Key Terms and Definitions of Probability and Statistics

Key Definitions of Probability and Statistics

In statistics, we generally want to study a population. You can think of a population as a collection of persons, things, or objects under study. To study the population, we select a sample . The idea of sampling is to select a portion (or subset) of the larger population and study that portion (the sample) to gain information about the population. Data are the result of sampling from a population.

Because it takes a lot of time and money to examine an entire population, sampling is a very practical technique. If you wished to compute the overall grade point average at your school, it would make sense to select a sample of students who attend the school. The data collected from the sample would be the students’ grade point averages. You could use your sample data to make generalizations about the grade point average of the entire school. In presidential elections, opinion poll samples of 1,000–2,000 people are taken.

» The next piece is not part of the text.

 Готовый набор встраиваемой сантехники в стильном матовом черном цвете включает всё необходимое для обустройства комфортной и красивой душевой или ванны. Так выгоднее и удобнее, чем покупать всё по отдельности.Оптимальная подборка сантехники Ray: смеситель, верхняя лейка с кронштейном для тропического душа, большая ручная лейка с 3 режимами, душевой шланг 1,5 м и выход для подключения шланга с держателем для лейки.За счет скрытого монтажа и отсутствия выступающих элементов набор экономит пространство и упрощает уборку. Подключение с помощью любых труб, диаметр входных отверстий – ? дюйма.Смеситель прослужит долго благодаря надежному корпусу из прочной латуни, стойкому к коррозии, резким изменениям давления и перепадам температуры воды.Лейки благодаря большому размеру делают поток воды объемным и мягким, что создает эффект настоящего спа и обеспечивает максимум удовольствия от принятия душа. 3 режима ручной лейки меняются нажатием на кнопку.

The opinion poll is supposed to represent the views of the people in the entire country.

From the sample data, we can calculate a statistic . A statistic is a number that represents a property of the sample. For example, if we consider one math class to be a sample of the population of all math classes, then the average number of points earned by students in that one math class at the end of the term is an example of a statistic. The statistic is an estimate of a population parameter. A parameter is a number that is a property of the population. Since we considered all math classes to be the population, then the average number of points earned per student over all the math classes is an example of a parameter.

One of the main concerns in the field of statistics is how accurately a statistic estimates a parameter. The accuracy really depends on how well the sample represents the population. The sample must contain the characteristics of the population in order to be a representative sample. We are interested in both the sample statistic and the population parameter in inferential statistics. In a later chapter, we will use the sample statistic to test the validity of the established population parameter.

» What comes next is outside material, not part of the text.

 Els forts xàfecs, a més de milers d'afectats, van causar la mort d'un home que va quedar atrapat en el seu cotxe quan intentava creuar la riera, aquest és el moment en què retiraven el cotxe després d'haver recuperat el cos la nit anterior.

A variable , notated by capital letters such as X and Y, is a characteristic that takes on different values for different individuals in a population or a sample. It is something that varies. Variables may be numerical or categorical. Numerical variables take on values with equal units such as weight in pounds and time in hours. Categorical variables place the person or thing into a category. If we let X equal the number of points earned by one math student at the end of a term, then X is a numerical variable. If we let Y be a person’s party affiliation, then some examples of Y include Republican, Democrat, and Independent. Y is a categorical variable. We could do some math with values of X (calculate the average number of points earned, for example), but it makes no sense to do math with values of Y (calculating an average party affiliation makes no sense). As statisticians, we may also be interested in measuring constants . Constants are a characteristic that does not change its value in a given context in a sample or population. For example, the number of days in a week is a constant.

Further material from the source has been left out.